Upon his father's retirement, he became the new owner and director of Duncan Flockhart & Co. The company had a shop on North Bridge in the city centre and an office and manufacturing plant at 1 Constitution Street in Leith under the name of Duncan Flockhart & Powell. William Flockhart, the other partner, lived at 4 Gayfield Place at the top of Leith Walk. The third partner of the Leith firm, Frederick W. Powell lived at 29 Bernard Street in Leith, close to the factory. His father John Duncan died in 1871.

He purchased a house a 7 Dundas Street in the New Town. He was by then already acting as Senior Surgeon to the Edinburgh Royal Infirmary, and also had his own consultancy within the New Town Dispensary. In 1839 the firm began to manufacture lactucarium. With growing profits he moved from Dundas Street to the much larger and grander 12 Heriot Row (only 50m from the Dundas Street house) the Heriot Row house costing him £1900. In 1840 he was elected a member of the Harveian Society of Edinburgh.

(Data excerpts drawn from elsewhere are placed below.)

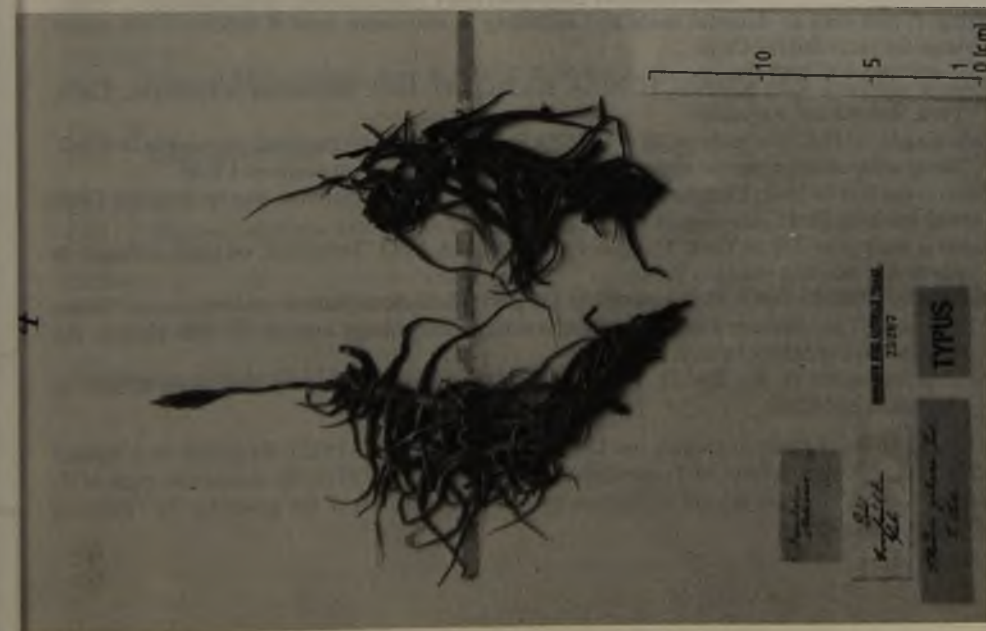
Fig. 4. Holotype of Tillandsia paleacea Presl, collected by Thaddeus Haenke, labelled probably erroneously "Chile" (PR).
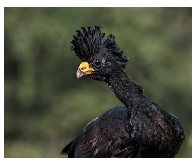
Great Curassow

Overnight: La Selva Biological Station (150 ft)
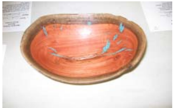
Ted Young's Eucalyptus and turquoise bowl
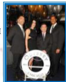
After Dinner Entertainment 4theBeat Band
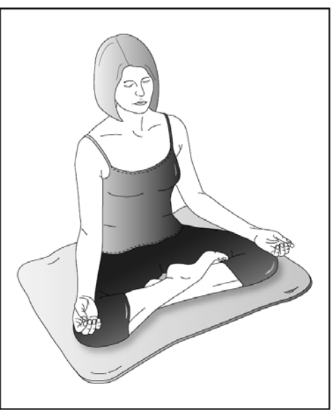
Half-Lotus position. Maintain a straight back. Use of a cushion, shawl, mat, and /or blanket for comfort may be helpful.
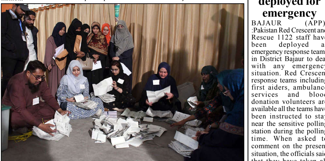
KARACHI: Members of polling staff start counting the votes after the polls closed for parliamentary elections, in the Provincial Capital.

ABBOTTABAD (APP): To ensure transparency and oversight, foreign observers, Commissioner Hazara Division Syed Zaheer-ul-Islam, and Deputy Commissioners from all districts visited polling stations to assess the voting process. The law enforcement agencies, particularly the police department, implemented stringent security measures, contributing to the maintenance of peace and order at the polling stations. In addition to the presence of over 3,000 policemen in Abbottabad and more than 2,400 in Haripur, security duties were effectively carried out by the Pakistan Army and FC. The general elections process in Hazara Division on Thursday concluded peacefully without any incident. The election commenced at 8:00 AM, and polling stations across the eight districts of Hazara remained operational until 5:00 PM, ensuring a smooth electoral process. A total of 2,862 polling stations were established throughout the division where 3,430,456 male and female voters exercised their right to vote. No untoward incidents were reported from any polling station, indicating a peaceful atmosphere conducive to democratic participation.

From 1847 became the main British manufacturer of chloroform, supplying to surgeons such as Sir James Simpson and dentists such as Francis Brodie Imlach. The firm expanded, building new premises in London and supplied chloroform to the British Army and the Royal Navy.

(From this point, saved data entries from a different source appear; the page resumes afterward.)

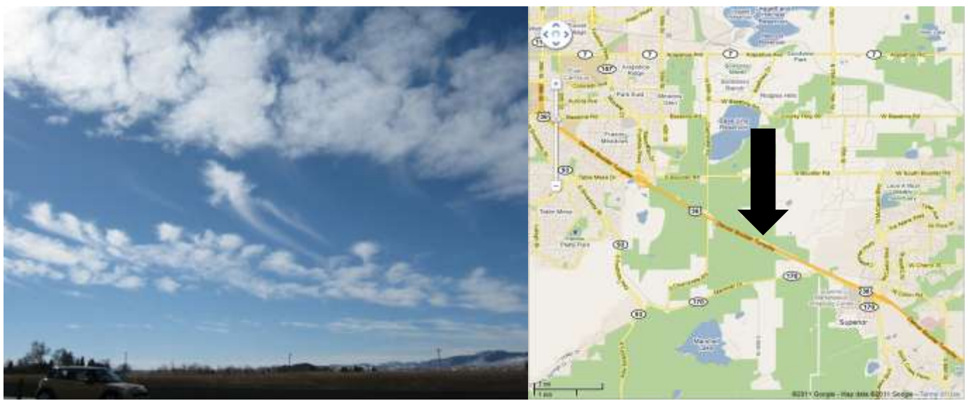
Figure 1 - Original Photograph

The purpose of this image was to capture and analyze a cloud formation that was interesting. Clouds are visible masses of condensed water (or ice crystals) that are in the saturated atmosphere [4]. Whether a particular cloud forms close to the ground, in the troposphere, or higher up in the stratosphere or even the mesosphere is dependent on the moisture content of the air and the atmospheric conditions that surround the cloud. Stability, moisture, wind speed, temperature, pressure and other factors all contribute to the appearance of the cloud and define it such that it can be classified. The Cloud Appreciation Society, a group that keeps an active record of what defines and classifies cloud types, has good information on all sorts of cloud species and examples [2]. In my particular image, I was trying to capture the uniqueness of the altocumulus floccus virga that can be seen in the lower-center portion of the image (it looks vaguely like a shooting star) as well as the periodicity of the surrounding altocumulus castellanus clouds. The original image looked as follows:
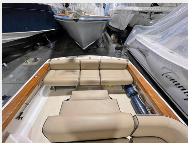
Cockpit Settee and Engine Box Seating
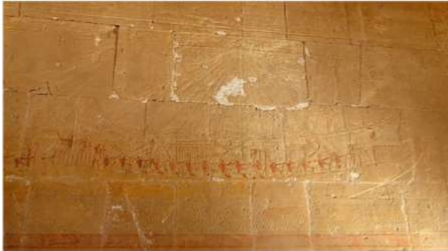
Figure 1: A relief of Hatshepsut's ship at Deir el-Bahari

After, Zakaria, Mohammed (2017) Tourism and Travel in Ancient Egypt: Travel Like an Egyptian , p.36.
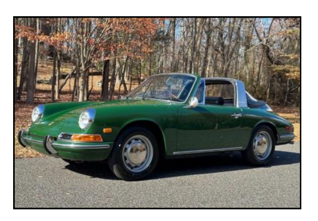
1968 Porsche 912 Soft-Window Targa Sold for USD $95,500 on 11/22/24
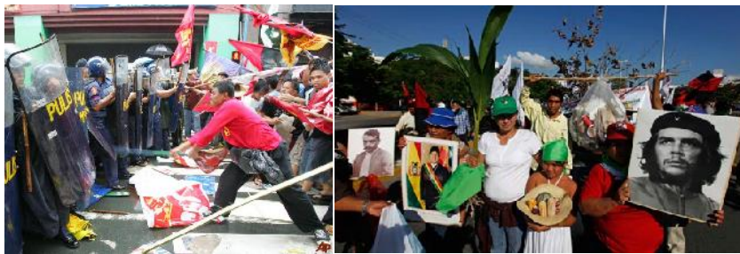
Manila, 2012 (left). Farmers protesting against landholders. Cancun, 2010 (right). La Via Campesina marchers with Latin heroes , on climate change

JD You said that the struggle for food sovereignty requires a different strategy of alliances. How does La Via Campesina consider agreements with non-governmental organisations, including those concerned with national and international development?

In 1857 he was elected a Fellow of the Royal Society of Edinburgh his proposer being James David Forbes. In his final years he lived at 12 Heriot Row, in one of the largest and most prestigious houses in the city.

He died of oriental cholera at Tours in France on 16 August 1866 while on a vacation.

His body was returned to Edinburgh for burial in Dean Cemetery. The large, simple tomb lies on the western wall in the section known as "Lords Row". His wife and children lie with him.

==Family==

He was married to Margaret Balfour (1819-1895) daughter of the surgeon Andrew Balfour. Their son Andrew Balfour Duncan joined the army and died in Taranaki in New Zealand in June 1864 aged 23.

He was father to Dr John Duncan FRSE (1839-1899) President of the Royal College of Surgeons of Edinburgh 1889-1891 and author of Angioma and Other Papers who inherited his Heriot Row property on his death.

His daughter Jessie Duncan married Rev John Stuart, Chaplain in Ordinary to Queen Victoria. Through this marriage James was maternal grandfather to William James Stuart, President of the Royal College of Surgeons of Edinburgh 1937 to 1939.